- _REQUIRED ACTION_
For this exercise, write out the whole listing below exactly, omitting its images.
----- INFORMATION PROVIDED
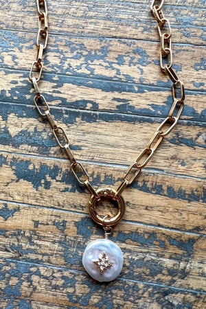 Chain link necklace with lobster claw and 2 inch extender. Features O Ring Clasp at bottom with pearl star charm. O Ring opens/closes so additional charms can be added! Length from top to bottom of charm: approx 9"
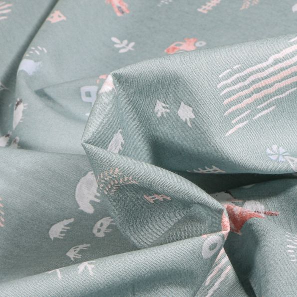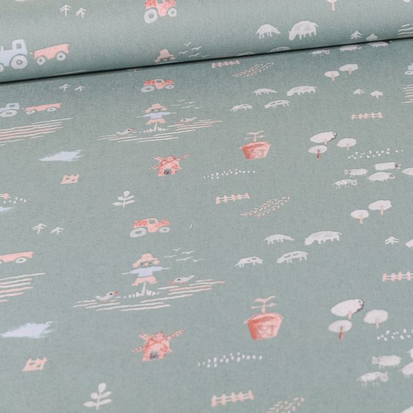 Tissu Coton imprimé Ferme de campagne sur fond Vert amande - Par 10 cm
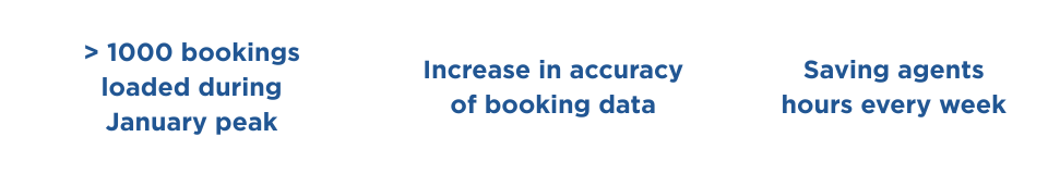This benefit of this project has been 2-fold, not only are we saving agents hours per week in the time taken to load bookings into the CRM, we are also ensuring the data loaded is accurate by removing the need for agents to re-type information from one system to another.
----------
- _RESPONSE AREA_
 Chain link necklace with lobster claw and 2 inch extender. Features O Ring Clasp at bottom with pearl star charm. O Ring opens/closes so additional charms can be added! Length from top to bottom of charm: approx 9"
 Tissu Coton imprimé Ferme de campagne sur fond Vert amande - Par 10 cm
This benefit of this project has been 2-fold, not only are we saving agents hours per week in the time taken to load bookings into the CRM, we are also ensuring the data loaded is accurate by removing the need for agents to re-type information from one system to another.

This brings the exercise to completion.